Client: I knew you'd say that. And tough as it is, I agree. It's much better getting it right in the outline before plunging into draft--you need to have clear road map.
Me: And remember that what you're going through is typical of the real pros in this business who get their work sold and produced. It's why they're consistently successful. More times than not, they go over their developing stories many, many times in outline form because (as you have discovered and are embracing) writing a draft of a screenplay on top of a faulty structural foundation is almost always a waste of time.
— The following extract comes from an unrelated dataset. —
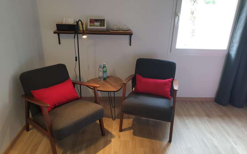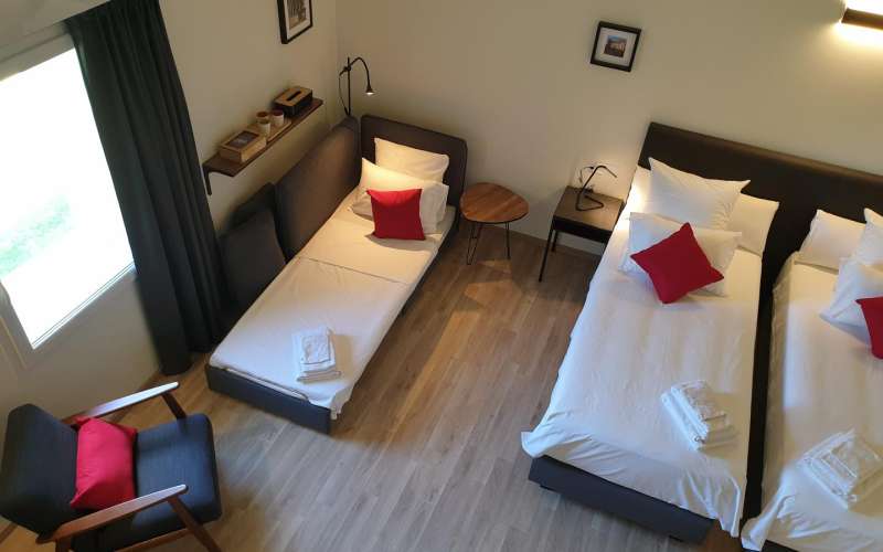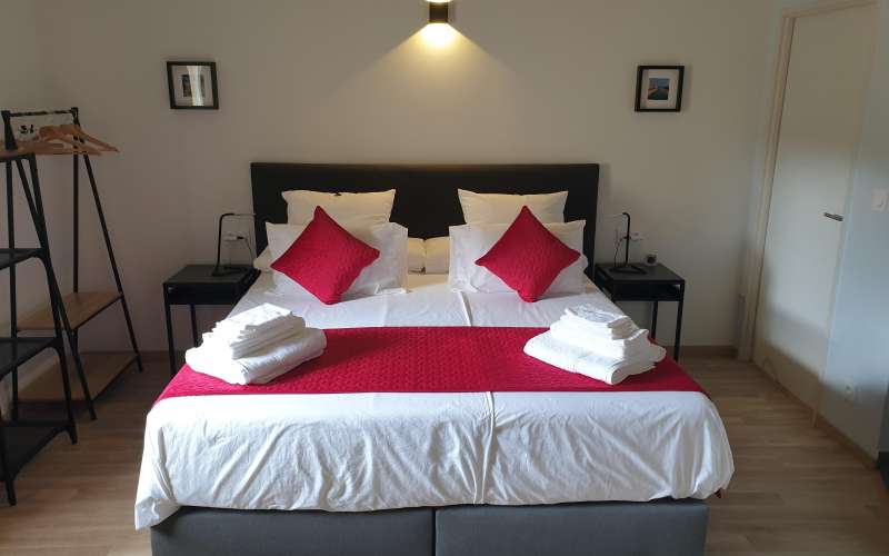 Nos quatre chambres spacieuses disposent de leur propre salle de bain et toilette. Profitez du calme, d’un bon dîner et d’un bon vin.

The writer may think he's building a lovely screenplay, but when that draft is finished and he stands back to admire his wonderful new creation, suddenly and with a loud crushing sound the whole thing comes crashing down like a house of cards. And all those precious pages lie in a soiled heap in front of him.
So...getting your foundation right is essential. Every successful screenwriter knows this. The other 98% of folks who think they are real screenwriters are kidding themselves because they are in too big a hurry to get that script in hand and they sidestep or rush through the most critical and most difficult phase.
Client: Okay. I'm back at it.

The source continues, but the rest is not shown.